_EXERCISE AIM_.
If a line below falls between the line with "- 4x Tupperware" and the line with "20Pcs/lots Dia 8mm", or is one of those two, output it exactly; output nothing else and no pictures.
---
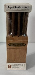 Regent & Sheffield 6 Piece Steak Knife Set w/ Genuine Mahogany Block Vintage
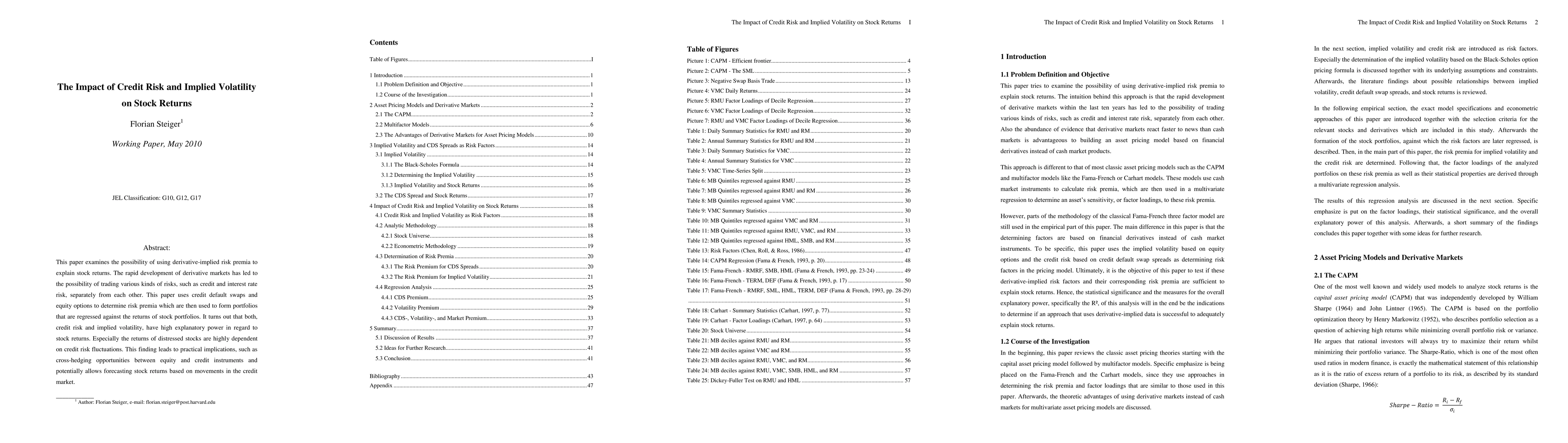 The development of a new framework for understanding the relationship between credit risk, implied volatility, and stock returns.
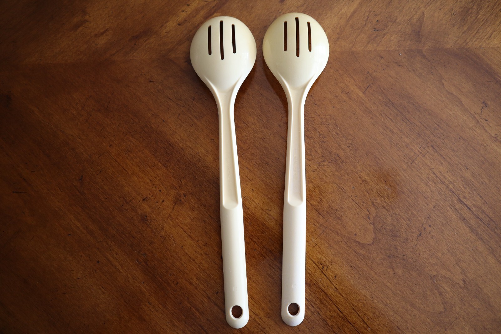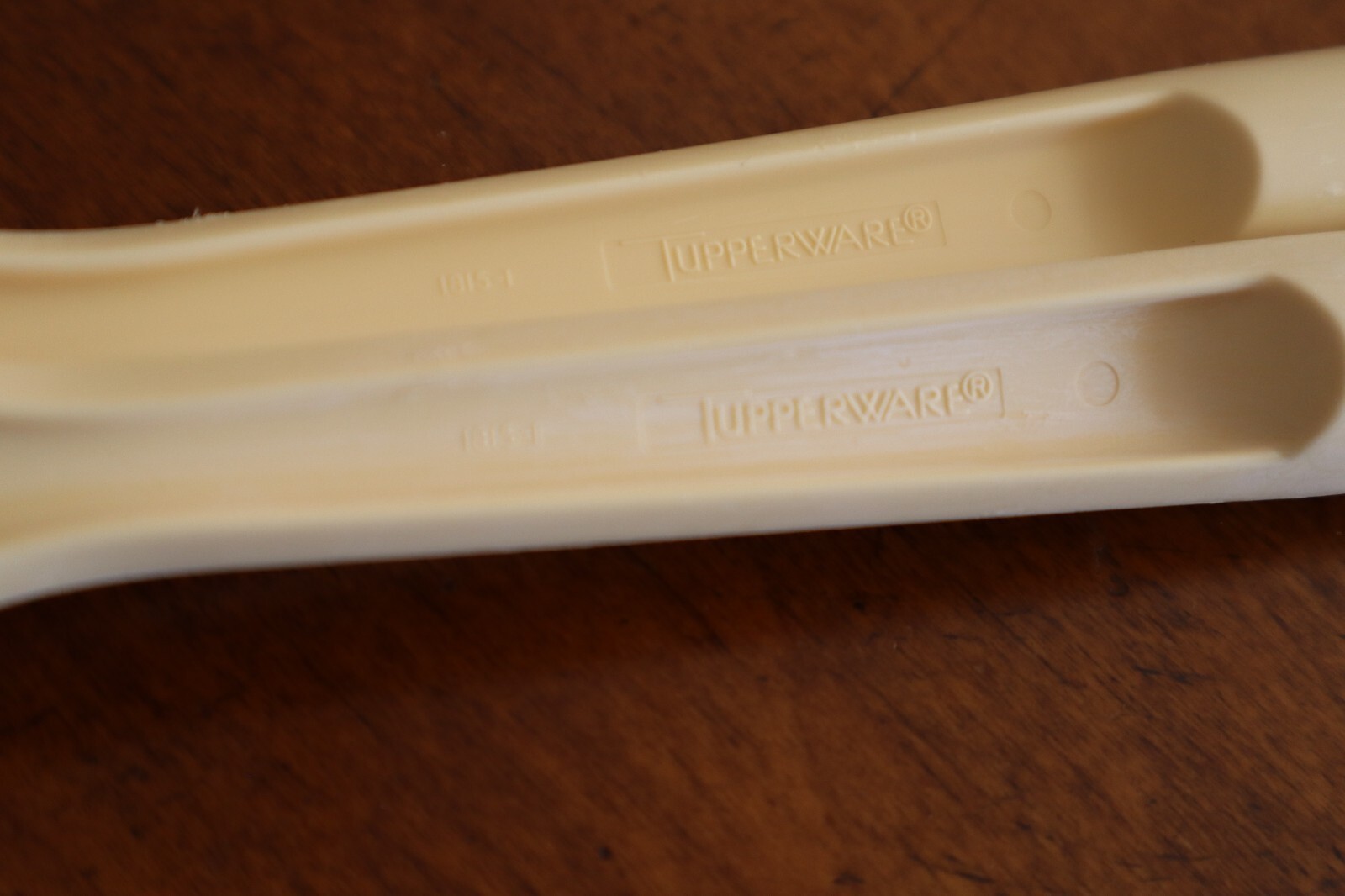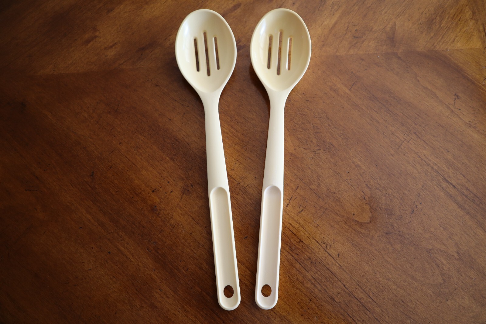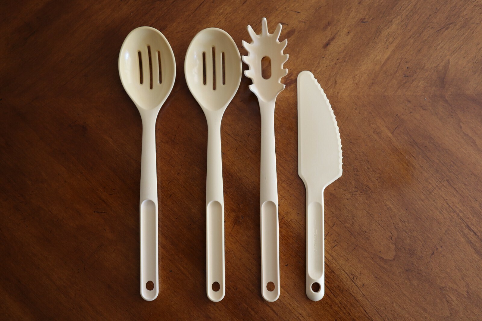 - 4x Tupperware Off-White Nylon Slotted Spoon Pasta Server 12" Serrated Knife
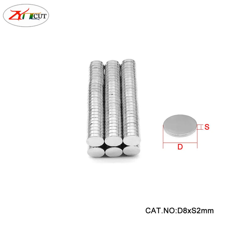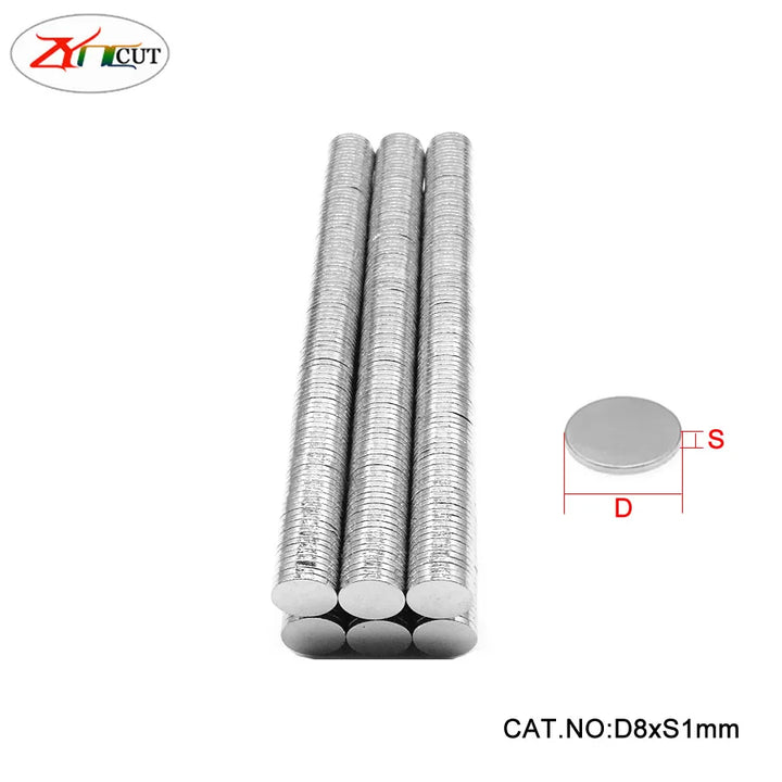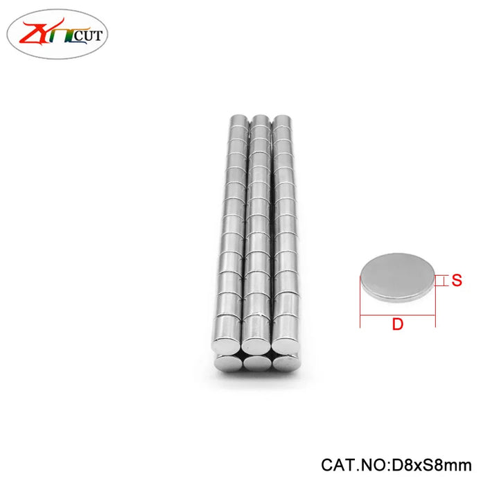 20Pcs/lots Dia 8mm thick 1 2 3 4 5 6 8mm high magnetic circular magnet rare earth permanent sheet electroplating small magnet
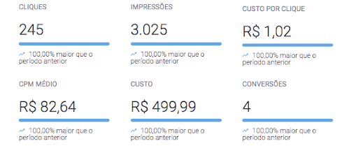 Comparado a investimentos anteriores, os cliques, impressões e conversões cresceram 100%, com o valor por clique abaixo.
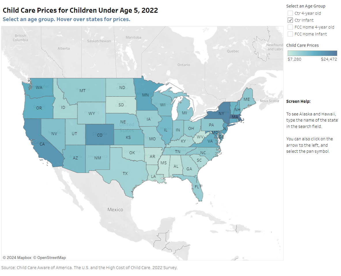 Click on any state from the map or drop down list below to learn more about paid child care usage in each state.
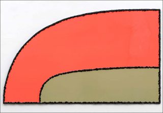 La série «Terre-Plein» rejoint cette réflexion, mais du point de vue de l’industrie. Cette série est composée de peintures-sculptures dont une base est posée au sol comme si elles s’en détachaient. Leurs couleurs plastiques, industrielles et brillantes, sont entourées de sortes de tortillons noirs partiellement décollés sur les bords. Des tensions s’exercent entre surface et dimension, entre ce qui cache et ce qui se montre. La surface lisse et colorée contraste avec les tortillons noirs sur lesquels on reconnaît des irrégularités, empreintes de doigts ou témoins du souffle qui les a gonflés, et qui sont les irrégularités même de l’inspiration, de l’humanité du geste fondateur.
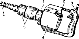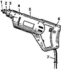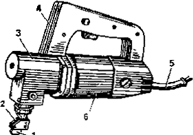 редуктора; 3 - корпус электродвигателя; 4 - рукоятка с курком; 5
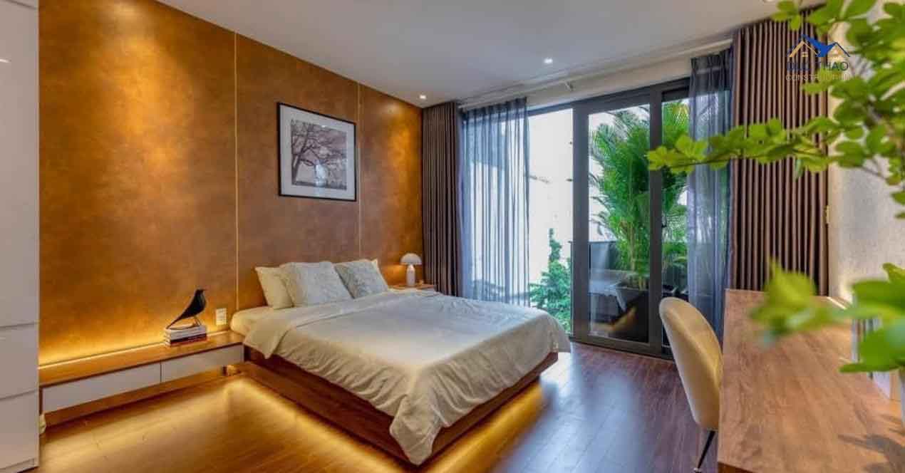 Kiến trúc ngôi nhà phố 4 tầng tại Quận Phú Nhuận được định hình theo phong cách hiện đại, ưu tiên sự đơn giản, tinh tế và tối ưu hóa không gian. Mặt tiền 4m được thiết kế với các đường nét mạnh mẽ, vật liệu hiện đại như kính cường lực, lam gỗ và gạch ốp, tạo nên vẻ ngoài sang trọng và thu hút. Ánh sáng tự nhiên và thông gió được chú trọng thông qua việc bố trí cửa sổ lớn, giếng trời và ban công ở các tầng. Về nội thất, từng không gian đều được chăm chút tỉ mỉ với các gam màu trung tính kết hợp điểm nhấn, tạo cảm giác rộng rãi và ấm cúng. Đồ nội thất được lựa chọn kỹ lưỡng, không chỉ đẹp mắt mà còn tích hợp nhiều tính năng thông minh, giúp tối đa hóa diện tích sử dụng. Sự đồng bộ trong thiết kế từ kiến trúc đến nội thất đã tạo nên một tổng thể hài hòa và đẳng cấp.
---
_RESULT OF THE EXERCISE_.
 - 4x Tupperware Off-White Nylon Slotted Spoon Pasta Server 12" Serrated Knife
 20Pcs/lots Dia 8mm thick 1 2 3 4 5 6 8mm high magnetic circular magnet rare earth permanent sheet electroplating small magnet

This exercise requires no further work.